By Dr. Ananya Mandal, MDDec 20 2010

AstraZeneca’s new blood thinner that was pitched against Plavix, the world’s second-best selling drug failed to live up to expectations making stocks drop to a two year low, the steepest decline since Nov. 21, 2008, and the worst performance today on the 18-company Bloomberg Europe Pharmaceutical Index.

The Food and Drug Administration requested for a more detailed analysis of the new drug Brilinta’s study against Plavix. The phase III study was called Platelet Inhibition and Patient Outcomes (PLATO). The drugs were marketed in patients with severe chest pain or earlier heart attacks. The twice-daily pill won a 7-1 recommendation from an FDA advisory panel on July 28 although all committee members had expressed concern about study results in the U.S., where many patients were also receiving high-dose aspirin.

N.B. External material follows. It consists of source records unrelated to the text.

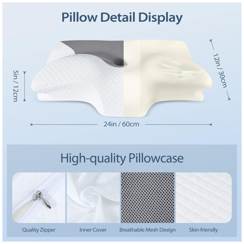 Feito para dorminhoco nas costas, dorminhoco lateral, dorminhoco do estômago o travesseiro HOMCA acomoda todas as posições de dormir Para dorminhoco lateral, o design oco central irá liberar a pressão do ouvido e manter a passagem de ar livre, enquanto seu design com sulco e curva corporal permite que o braço descanse natural e confortavelmente para uma ótima noite de sono.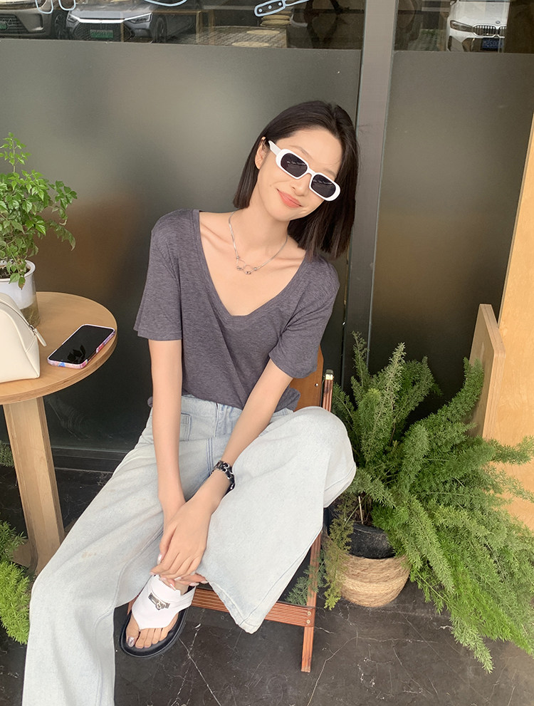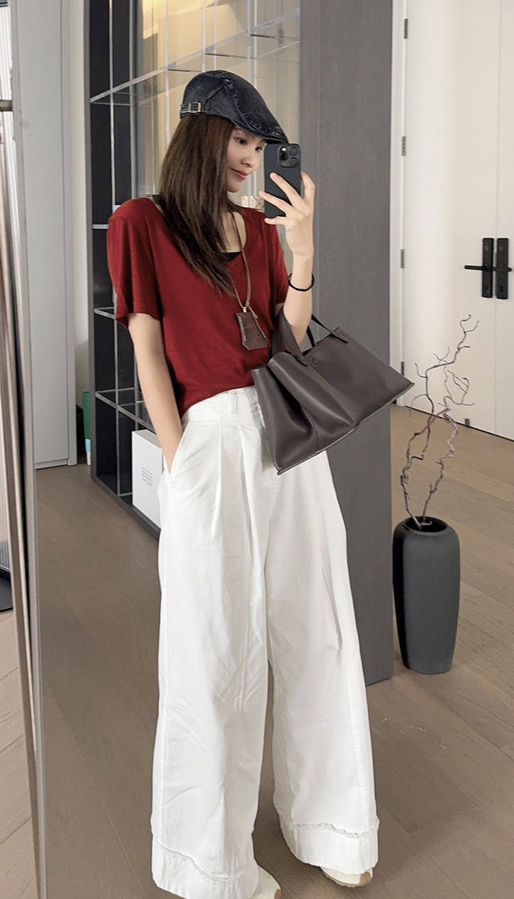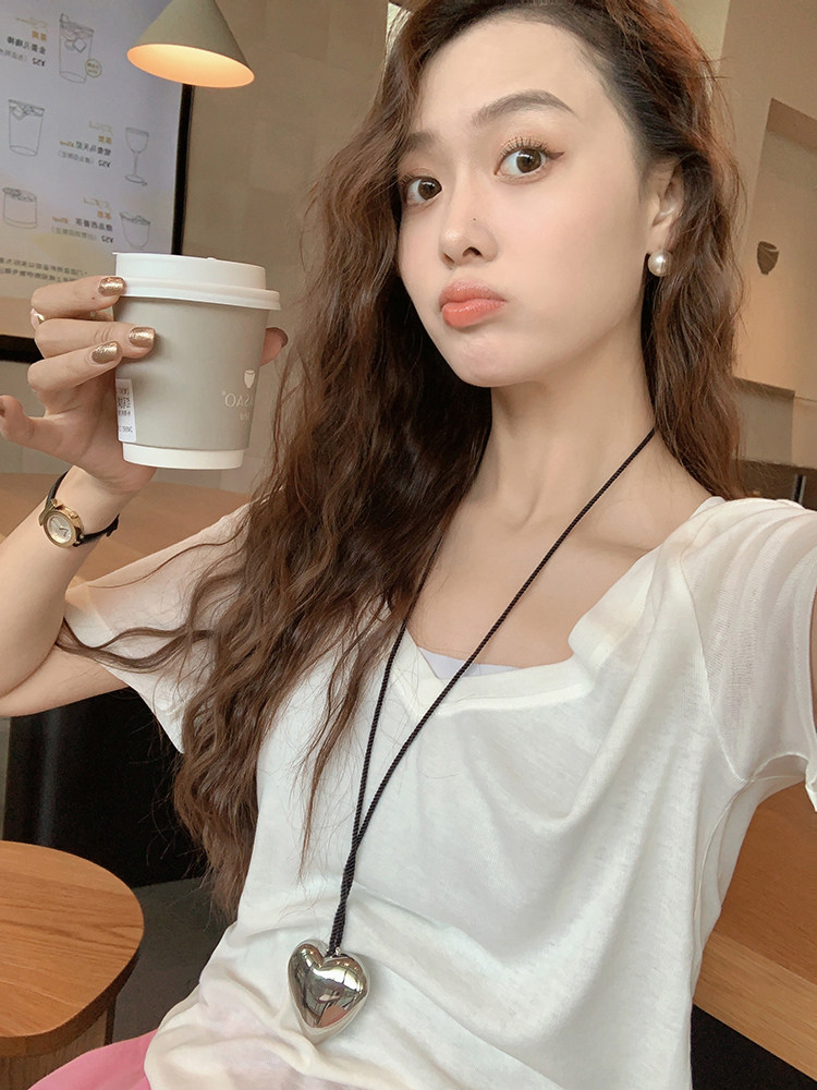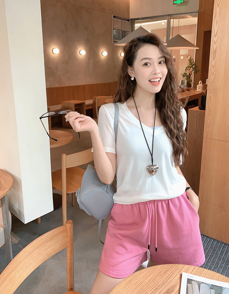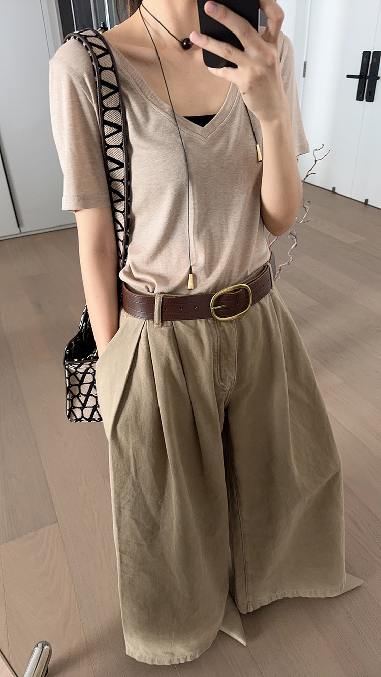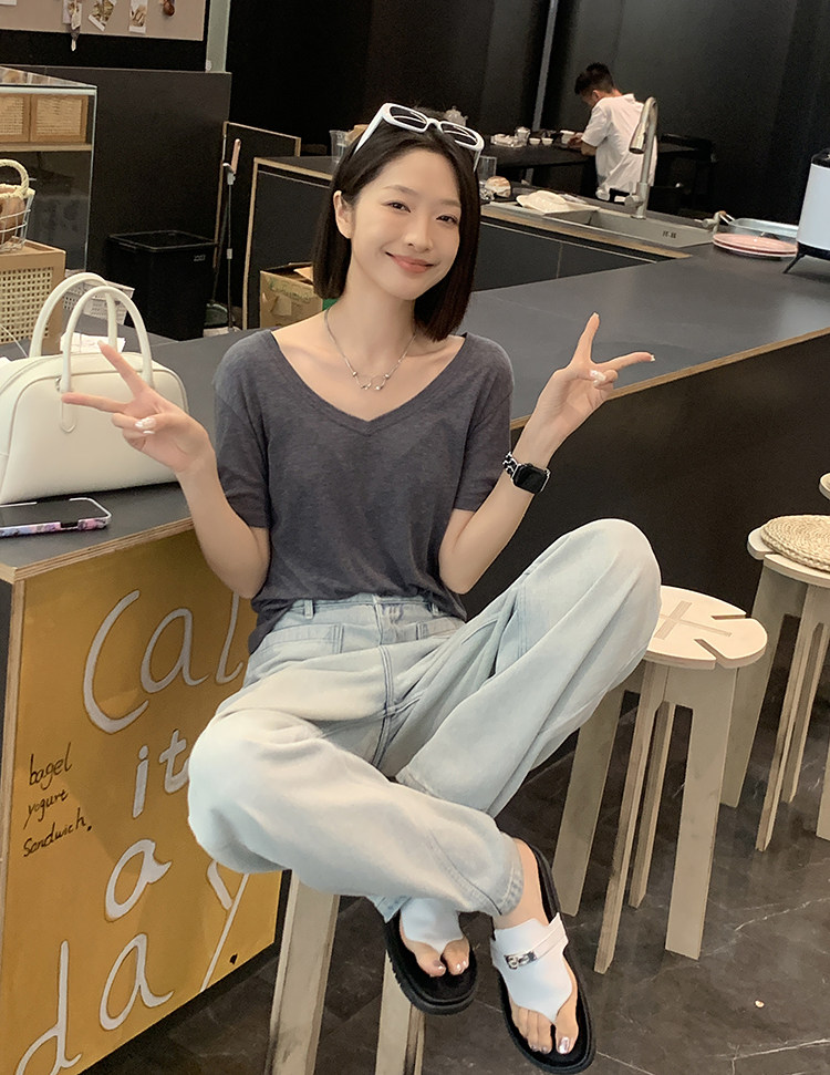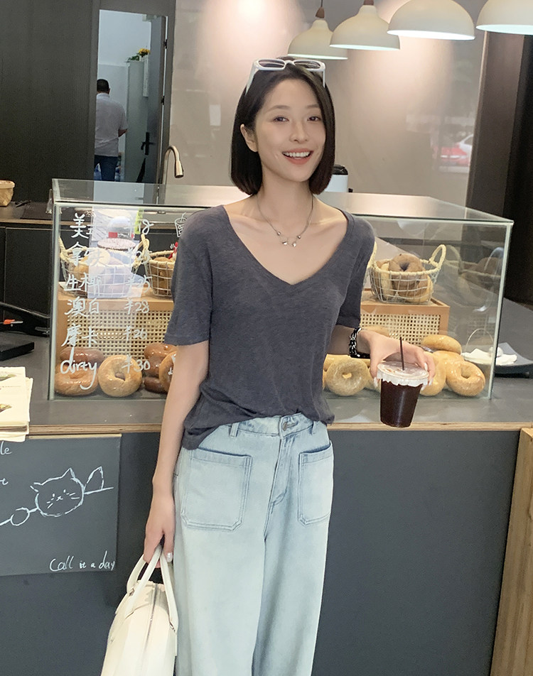 美洋 Шелковая футболка, маска для лица, (в наличии на складе), V-образный вырез, короткий рукав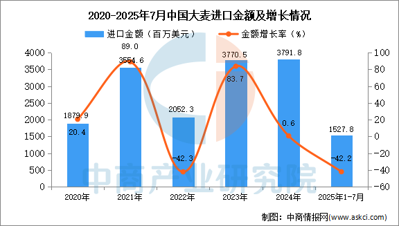 2025年7月中國大麥進(jìn)口量及金額增長情況

Eric Le Berrigaud, an analyst at Raymond James in Paris said, “This is bad news for AstraZeneca… Brilinta is the biggest growth driver in AstraZeneca’s pipeline and it’s taking a hit.” Martin Mackay, AstraZeneca’s president of research and development explained that the FDA have not asked for new clinical trials for the drug Brilinta or ticagrelor, and “our highest priority is to provide the requested Plato analyses to the FDA,” he added. The AZ statement read, “The company remains confident in the submission for ticagrelor and in its ability to respond to the agency’s questions.”

Brilinta’s market competitors are Plavix from New York-based Bristol-Myers Squibb Co. and Paris-based Sanofi-Aventis SA, and Effient, sold by Eli Lilly & Co. For Plato 18,624 people were included. 9.8 percent of patients on Brilinta for a year had a heart attack, stroke or died from cardiovascular disease, compared with 11.7 percent of those on Plavix. Another study showed that where Plavix may be rendered ineffective in some people with a different genetic makeup, Brilinta works in all patients with equal efficacy.

FDA approval for Brilinta has been delayed once, in September. This comes as an additional delay. Brilinta was approved this month in Europe, where it is known as Brilique. AstraZeneca will likely begin marketing the drug in the second half of 2011 once prices are negotiated with member countries revealed company spokeswoman Sarah Lindgreen.